Work order:
A partial copy is required: transcribe exactly the lines from the one containing "根據(jù)動(dòng)力" through the last line below, without any pictures.

[Entries taken from a collection]

# # # # # # #

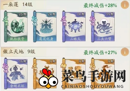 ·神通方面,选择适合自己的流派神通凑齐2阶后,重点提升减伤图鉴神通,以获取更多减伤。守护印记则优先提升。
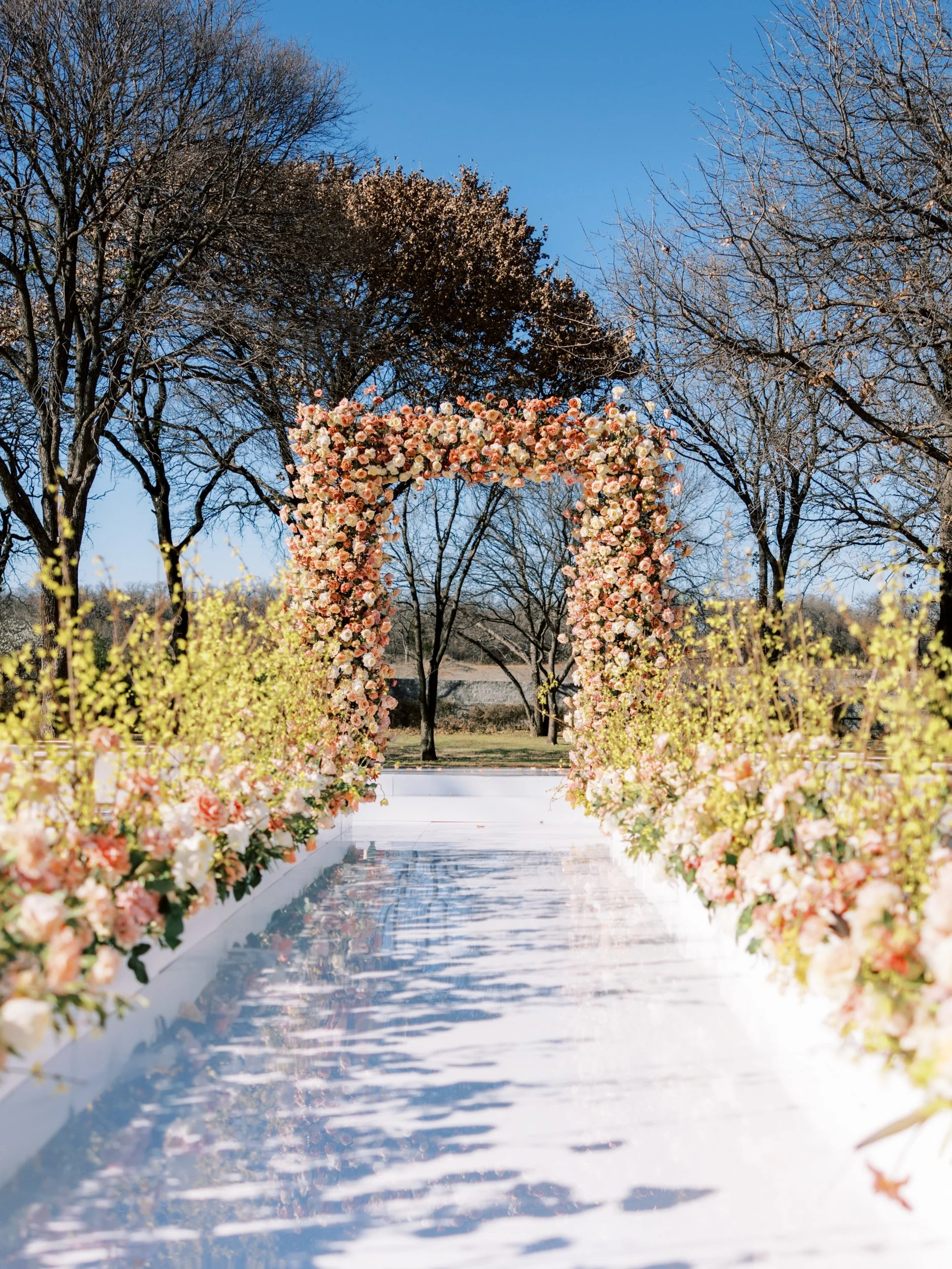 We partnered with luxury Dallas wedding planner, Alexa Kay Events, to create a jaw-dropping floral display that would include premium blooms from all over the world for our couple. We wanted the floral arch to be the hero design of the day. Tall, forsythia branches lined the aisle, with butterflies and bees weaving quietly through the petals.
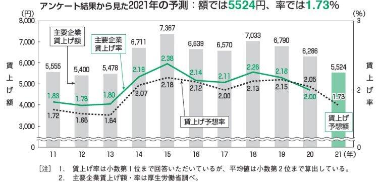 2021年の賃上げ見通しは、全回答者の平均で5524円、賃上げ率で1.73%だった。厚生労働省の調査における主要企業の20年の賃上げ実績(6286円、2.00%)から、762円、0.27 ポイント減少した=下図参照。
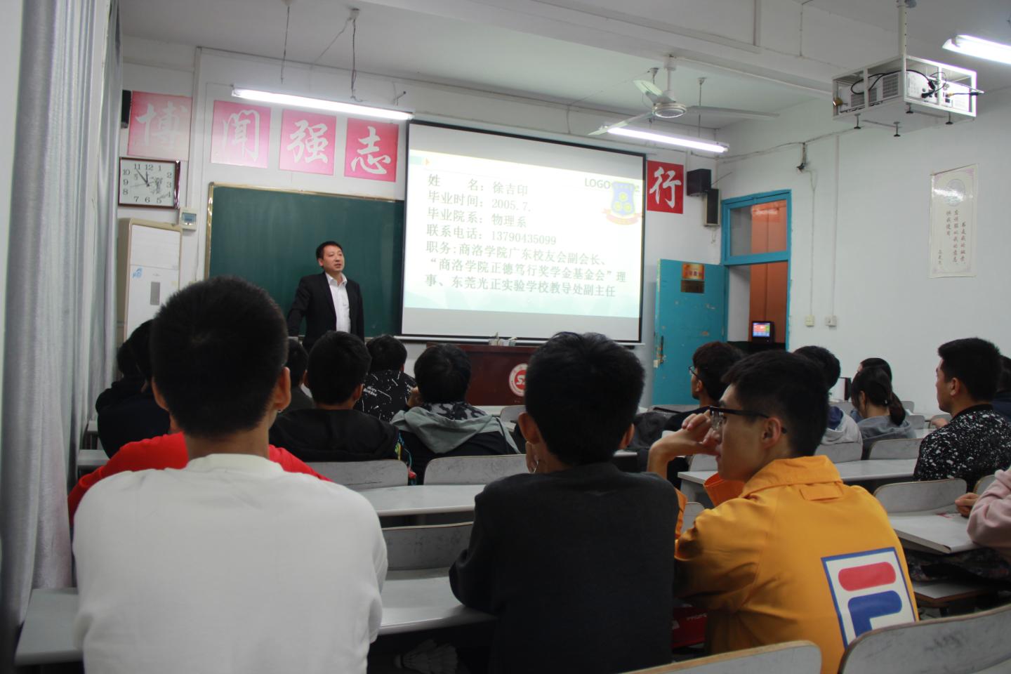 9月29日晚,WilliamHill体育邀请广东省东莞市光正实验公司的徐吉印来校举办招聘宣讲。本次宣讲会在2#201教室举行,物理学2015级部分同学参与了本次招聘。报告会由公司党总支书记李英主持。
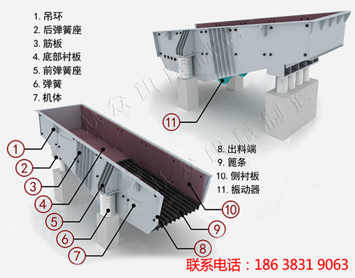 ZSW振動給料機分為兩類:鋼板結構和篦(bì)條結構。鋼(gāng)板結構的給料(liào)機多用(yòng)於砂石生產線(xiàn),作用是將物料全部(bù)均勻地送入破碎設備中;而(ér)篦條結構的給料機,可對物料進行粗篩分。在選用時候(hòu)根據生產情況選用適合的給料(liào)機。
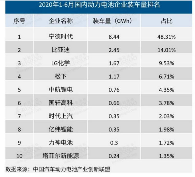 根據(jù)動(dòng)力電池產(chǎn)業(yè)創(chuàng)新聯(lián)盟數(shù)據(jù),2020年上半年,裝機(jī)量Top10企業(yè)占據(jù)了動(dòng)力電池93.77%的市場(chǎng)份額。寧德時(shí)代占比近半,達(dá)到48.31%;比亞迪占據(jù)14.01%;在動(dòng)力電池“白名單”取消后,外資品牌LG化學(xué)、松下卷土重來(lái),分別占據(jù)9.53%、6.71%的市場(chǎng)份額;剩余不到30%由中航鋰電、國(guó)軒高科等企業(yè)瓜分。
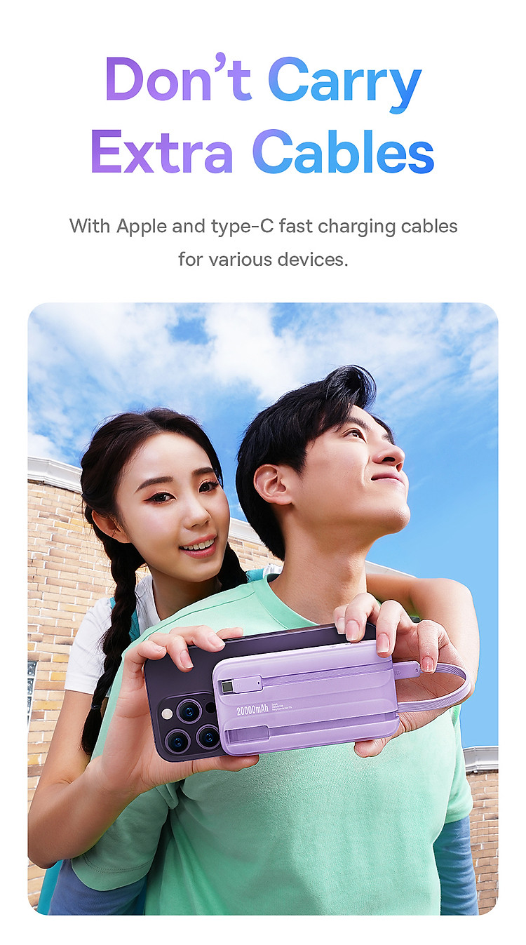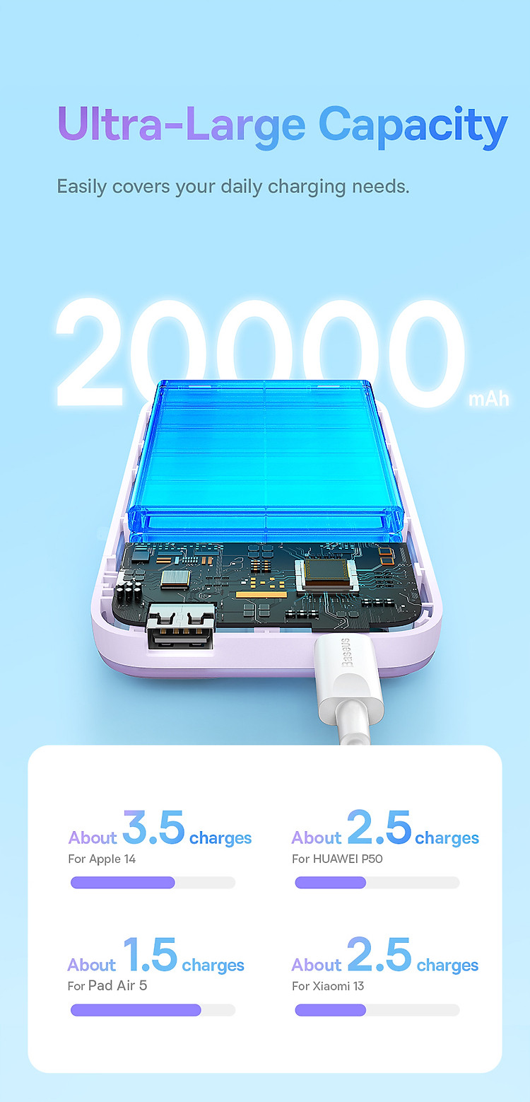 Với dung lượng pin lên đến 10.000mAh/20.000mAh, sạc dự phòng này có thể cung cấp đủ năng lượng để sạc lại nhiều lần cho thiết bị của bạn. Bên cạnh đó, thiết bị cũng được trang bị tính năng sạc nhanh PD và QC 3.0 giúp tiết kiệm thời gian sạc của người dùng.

# # # # # # #

Written response:
 根據(jù)動(dòng)力電池產(chǎn)業(yè)創(chuàng)新聯(lián)盟數(shù)據(jù),2020年上半年,裝機(jī)量Top10企業(yè)占據(jù)了動(dòng)力電池93.77%的市場(chǎng)份額。寧德時(shí)代占比近半,達(dá)到48.31%;比亞迪占據(jù)14.01%;在動(dòng)力電池“白名單”取消后,外資品牌LG化學(xué)、松下卷土重來(lái),分別占據(jù)9.53%、6.71%的市場(chǎng)份額;剩余不到30%由中航鋰電、國(guó)軒高科等企業(yè)瓜分。
 Với dung lượng pin lên đến 10.000mAh/20.000mAh, sạc dự phòng này có thể cung cấp đủ năng lượng để sạc lại nhiều lần cho thiết bị của bạn. Bên cạnh đó, thiết bị cũng được trang bị tính năng sạc nhanh PD và QC 3.0 giúp tiết kiệm thời gian sạc của người dùng.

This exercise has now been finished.